◆ **WORK REQUIRED**
Consider the listing below. Extract exactly the lines from the line containing "Figure 1. Juvenile" to the line containing "The Market Kitchen.", both included.

◆ **DATA LISTING**
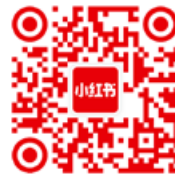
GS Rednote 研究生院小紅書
---
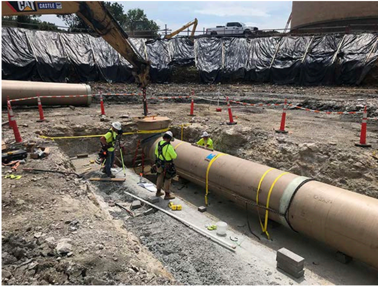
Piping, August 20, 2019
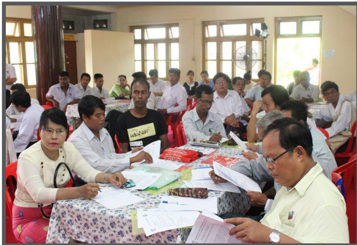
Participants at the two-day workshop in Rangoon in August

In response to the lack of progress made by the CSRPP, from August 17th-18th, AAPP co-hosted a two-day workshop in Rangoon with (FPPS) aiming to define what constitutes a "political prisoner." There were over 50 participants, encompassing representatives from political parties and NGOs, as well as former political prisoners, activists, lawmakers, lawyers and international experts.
...
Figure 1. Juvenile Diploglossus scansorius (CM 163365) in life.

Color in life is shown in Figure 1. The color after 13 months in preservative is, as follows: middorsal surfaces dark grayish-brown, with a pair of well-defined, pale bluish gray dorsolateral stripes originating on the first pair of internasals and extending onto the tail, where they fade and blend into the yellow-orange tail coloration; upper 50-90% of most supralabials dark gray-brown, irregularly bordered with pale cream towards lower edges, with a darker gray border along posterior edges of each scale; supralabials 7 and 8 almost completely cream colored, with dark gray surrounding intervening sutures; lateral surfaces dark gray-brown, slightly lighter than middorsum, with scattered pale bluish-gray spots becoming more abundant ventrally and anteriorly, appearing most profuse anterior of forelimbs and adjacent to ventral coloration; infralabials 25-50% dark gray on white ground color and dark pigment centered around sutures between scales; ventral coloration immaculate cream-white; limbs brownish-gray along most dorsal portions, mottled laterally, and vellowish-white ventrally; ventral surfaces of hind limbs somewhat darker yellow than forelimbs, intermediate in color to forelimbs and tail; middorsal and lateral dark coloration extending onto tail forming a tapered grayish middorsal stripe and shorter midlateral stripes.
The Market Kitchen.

◆ **ANSWER TO THIS TASK**
Figure 1. Juvenile Diploglossus scansorius (CM 163365) in life.

Color in life is shown in Figure 1. The color after 13 months in preservative is, as follows: middorsal surfaces dark grayish-brown, with a pair of well-defined, pale bluish gray dorsolateral stripes originating on the first pair of internasals and extending onto the tail, where they fade and blend into the yellow-orange tail coloration; upper 50-90% of most supralabials dark gray-brown, irregularly bordered with pale cream towards lower edges, with a darker gray border along posterior edges of each scale; supralabials 7 and 8 almost completely cream colored, with dark gray surrounding intervening sutures; lateral surfaces dark gray-brown, slightly lighter than middorsum, with scattered pale bluish-gray spots becoming more abundant ventrally and anteriorly, appearing most profuse anterior of forelimbs and adjacent to ventral coloration; infralabials 25-50% dark gray on white ground color and dark pigment centered around sutures between scales; ventral coloration immaculate cream-white; limbs brownish-gray along most dorsal portions, mottled laterally, and vellowish-white ventrally; ventral surfaces of hind limbs somewhat darker yellow than forelimbs, intermediate in color to forelimbs and tail; middorsal and lateral dark coloration extending onto tail forming a tapered grayish middorsal stripe and shorter midlateral stripes.
The Market Kitchen.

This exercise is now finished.